*Your instructions:*
Where an image appears in the data, omit it and reproduce the rest exactly.

─── Provided records

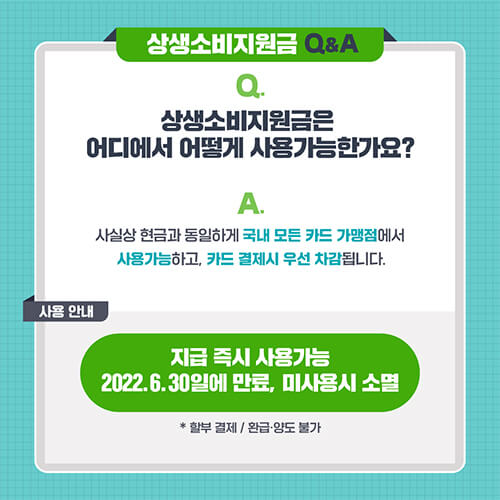 상생 소비지원금으로 받은 캐시백은 카드 결제 시 우선적으로 차감되며, 할부 결제는 할 수 없습니다. 사용기한은 2022년 6월 30일까지 입니다. 기간 내에 사용하지 않은 캐시백은 다시 환수된다고 합니다.
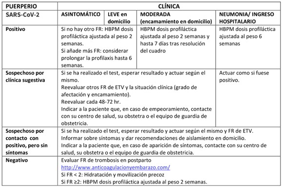 Dado que el puerperio es un estado de hipercoagulabilidad, COVID-19 se asociaría con un aumento de riesgo de tromboembolismo venoso, que además se incrementaría por la situación de inmovilidad por el confinamiento. Es importante valorar el riesgo trombótico.
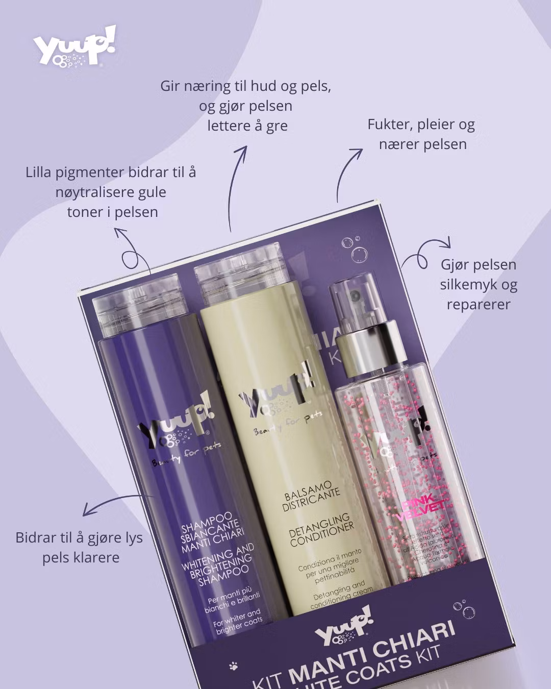 Sjampo spesielt for lys pels, med et spesielt pigment som motvirker gulning ved første påføring. Både kvaternisert keratin, vitamin C + E og panthenol (provitamin B5) er dyptvirkende. Bambus-esktrakt, lotusblomst og linfrø-ekstrakt gir glans og beskyttelse. Passer for både hunder og katter.
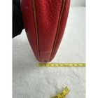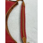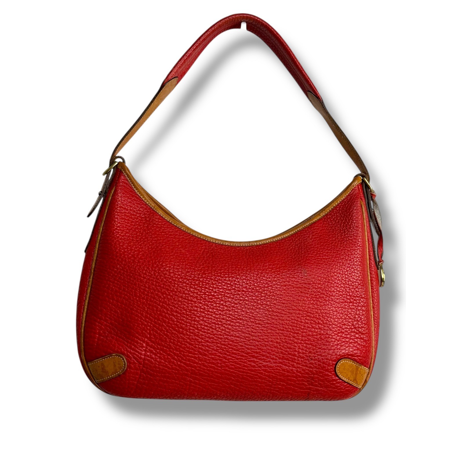 A classic Dooney & Bourke red pebble leather hobo bag. This iconic all-weather leather piece showcases a rich red hue complemented by tan leather trim and stitching. The curved silhouette is accentuated by reinforced tan leather corners. A braided leather fob with a brass Dooney & Bourke charm dangles from the strap. The interior features a zippered pocket and slip pockets for organization. Perfectly suited for everyday errands, weekend outings, or adding a pop of color to a casual ensemble. See photos for wear on corners, handle & slight stain on one side. See photos for approximate measurements Exterior Material: Leather Style: Hobo Bag Exterior Color: Bright Red Department: Women Lining Color: Red Handle/Strap Material: Leather Handle/Strap Color: Brown Lining Material: Fabric Hardware Color: Gold Closure: Zip Bag Height: 12 in Bag Depth: 4 in Accents: Stitching, Zipper Features: Inner Pockets, Lined Keywords: Dooney Bourke, hobo, leather, red, classic, designer, structured, everyday, chic, authentic, vintage inspired Check photos for item measurements. Items shipped from a pet friendly, smoke-free home
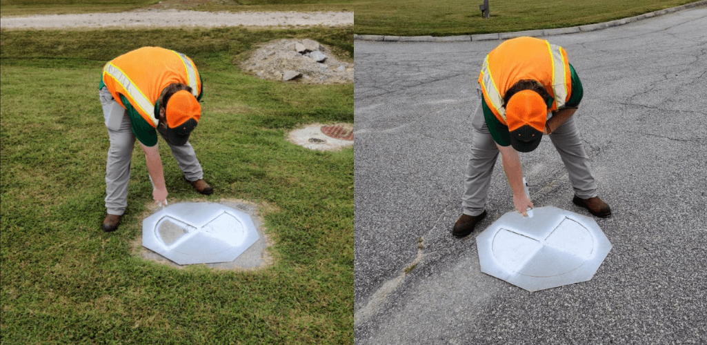 "Our preferred way is an old stop sign that we repurposed to use as a stencil to fit exactly over the top of manholes.
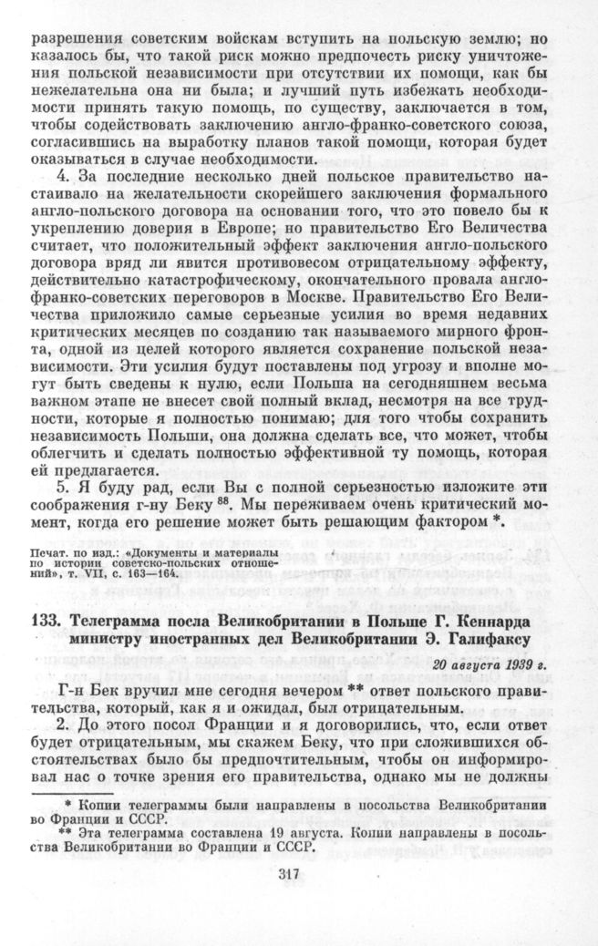 Телеграмма посла Великобритании в Польше Г. Кеннарда министру иностранных дел Великобритании Э. Галифаксу. 20 августа 1939 г. // Печат. по изд.: «Documents on British Foreign Policy. 1919—1939». Third Series, vol. VII, p. 85-86.
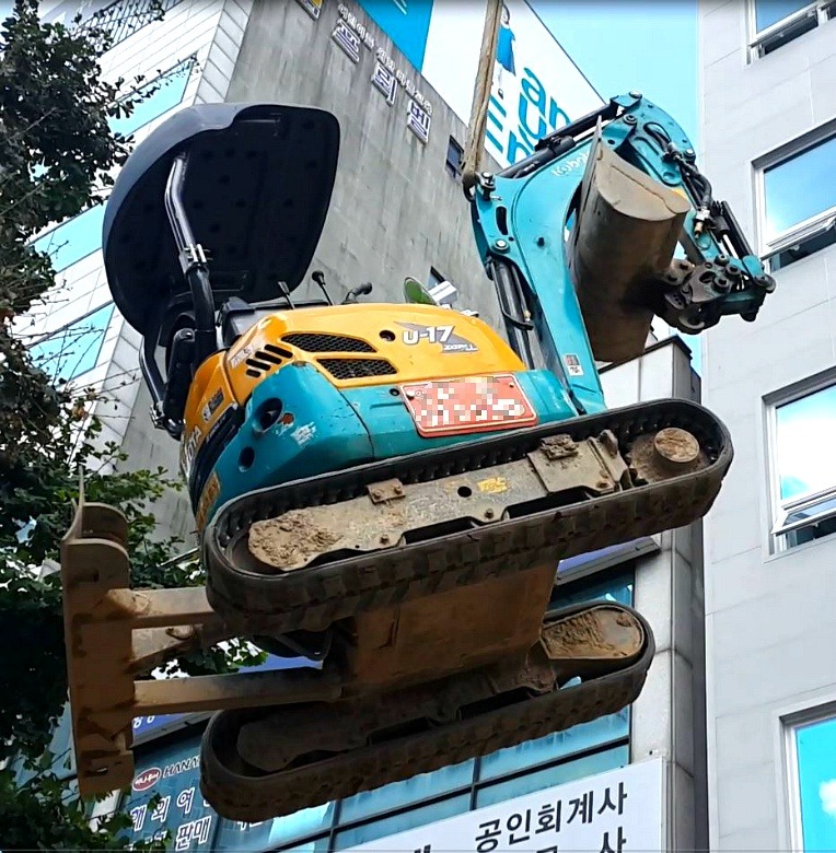 하늘을 날아다니는 미니굴삭기입니다
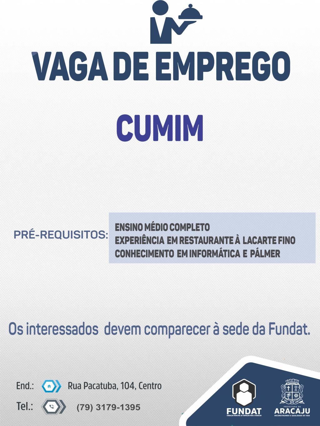 - Função: cumim (auxilia o garçom no atendimento e serve refeições e bebidas aos clientes em restaurantes, bares, clubes e eventos. Organiza mesas e utensílios e limpa salão)

──────

*Solution:*
 상생 소비지원금으로 받은 캐시백은 카드 결제 시 우선적으로 차감되며, 할부 결제는 할 수 없습니다. 사용기한은 2022년 6월 30일까지 입니다. 기간 내에 사용하지 않은 캐시백은 다시 환수된다고 합니다.
 Dado que el puerperio es un estado de hipercoagulabilidad, COVID-19 se asociaría con un aumento de riesgo de tromboembolismo venoso, que además se incrementaría por la situación de inmovilidad por el confinamiento. Es importante valorar el riesgo trombótico.
 Sjampo spesielt for lys pels, med et spesielt pigment som motvirker gulning ved første påføring. Både kvaternisert keratin, vitamin C + E og panthenol (provitamin B5) er dyptvirkende. Bambus-esktrakt, lotusblomst og linfrø-ekstrakt gir glans og beskyttelse. Passer for både hunder og katter.
 A classic Dooney & Bourke red pebble leather hobo bag. This iconic all-weather leather piece showcases a rich red hue complemented by tan leather trim and stitching. The curved silhouette is accentuated by reinforced tan leather corners. A braided leather fob with a brass Dooney & Bourke charm dangles from the strap. The interior features a zippered pocket and slip pockets for organization. Perfectly suited for everyday errands, weekend outings, or adding a pop of color to a casual ensemble. See photos for wear on corners, handle & slight stain on one side. See photos for approximate measurements Exterior Material: Leather Style: Hobo Bag Exterior Color: Bright Red Department: Women Lining Color: Red Handle/Strap Material: Leather Handle/Strap Color: Brown Lining Material: Fabric Hardware Color: Gold Closure: Zip Bag Height: 12 in Bag Depth: 4 in Accents: Stitching, Zipper Features: Inner Pockets, Lined Keywords: Dooney Bourke, hobo, leather, red, classic, designer, structured, everyday, chic, authentic, vintage inspired Check photos for item measurements. Items shipped from a pet friendly, smoke-free home
 "Our preferred way is an old stop sign that we repurposed to use as a stencil to fit exactly over the top of manholes.
 Телеграмма посла Великобритании в Польше Г. Кеннарда министру иностранных дел Великобритании Э. Галифаксу. 20 августа 1939 г. // Печат. по изд.: «Documents on British Foreign Policy. 1919—1939». Third Series, vol. VII, p. 85-86.
 하늘을 날아다니는 미니굴삭기입니다
 - Função: cumim (auxilia o garçom no atendimento e serve refeições e bebidas aos clientes em restaurantes, bares, clubes e eventos. Organiza mesas e utensílios e limpa salão)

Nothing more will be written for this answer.